Let's see how it works in practice:
require 'rjson' input = StringIO.new '{"foo":"bar"}' tok = RJSON::Tokenizer.new input parser = RJSON::Parser.new tok handler = parser.parse handler.result
Software interface refinement:
We have a fully functional JSON analyzer. True, with one drawback - it does not have a very convenient software interface.

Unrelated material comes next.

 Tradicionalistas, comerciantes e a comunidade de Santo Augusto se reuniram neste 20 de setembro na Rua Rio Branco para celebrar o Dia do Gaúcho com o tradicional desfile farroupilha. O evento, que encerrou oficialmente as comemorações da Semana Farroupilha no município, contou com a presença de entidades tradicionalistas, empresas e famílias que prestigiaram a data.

Let's use the previous example to improve it:
module RJSON def self.load(json) input = StringIO.new json tok = RJSON::Tokenizer.new input parser = RJSON::Parser.new tok handler = parser.parse handler.result end end
Since our analyzer was originally built for an IO object, we can add a method for those who would like to send a socket or a file descriptor as input:
module RJSON def self.load_io(input) tok = RJSON::Tokenizer.new input parser = RJSON::Parser.new tok handler = parser.parse handler.result end def self.load(json) load_io StringIO.new json end end
We are convinced that the interface has become a bit more convenient:
require 'rjson' require 'open-uri' RJSON.load '{"foo":"bar"}'
Thinking out loud
So, the work on the analyzer is completed. In the process, we became familiar with the compilation technology, including the basics of syntax and lexical analysis, and even touched on interpreters (that's it, in fact, we were engaged in JSON interpretation). You have something to be proud of!
The analyzer we wrote was quite flexible. We can:
- Use it in the event paradigm, implementing the Handler handler object.

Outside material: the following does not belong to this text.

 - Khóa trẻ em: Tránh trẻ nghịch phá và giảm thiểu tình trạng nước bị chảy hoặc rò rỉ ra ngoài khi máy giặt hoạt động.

- Use a simplified interface and just input strings.
- Pass a stream in JSON format to an input through an IO object
I hope this article will give you confidence, and you will begin to experiment on your own with the analysis and compilation technologies implemented in Ruby. If you still have questions for me, you are welcome in the
comments .
PS
In conclusion, I want to clarify some details that I omitted in the process of presentation, so as not to introduce additional ambiguity:
- Here is the final grammar of our analyzer. Notice the - inner section of the .y file . Everything that is presented in this section will be added to the class of the parser, which is obtained as a result of automatic generation. In this way, we pass the handler object to the parser.

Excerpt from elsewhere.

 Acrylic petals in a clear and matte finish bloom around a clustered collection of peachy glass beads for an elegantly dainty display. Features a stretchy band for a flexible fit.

- Our parser actually translates JSON terminal nodes into Ruby. Therefore, we convert JSON to Ruby twice: in the parser and in the document handler. The latter is responsible for the structure, while the first is for the immediate values ​​(true, false, etc.). I note that it is quite reasonable to note that all transformations must be carried out by the parser or, on the contrary, be completely excluded from it.
- Finally, the lexical analyzer uses buffering. I made a sketch version without buffering, which can be taken from here . It is pretty raw, but it can be brought to mind using the logic of the finite state machine.
That's all. Thanks for attention!
1 eng rake - rake
Comments on the translation, please send in a personal.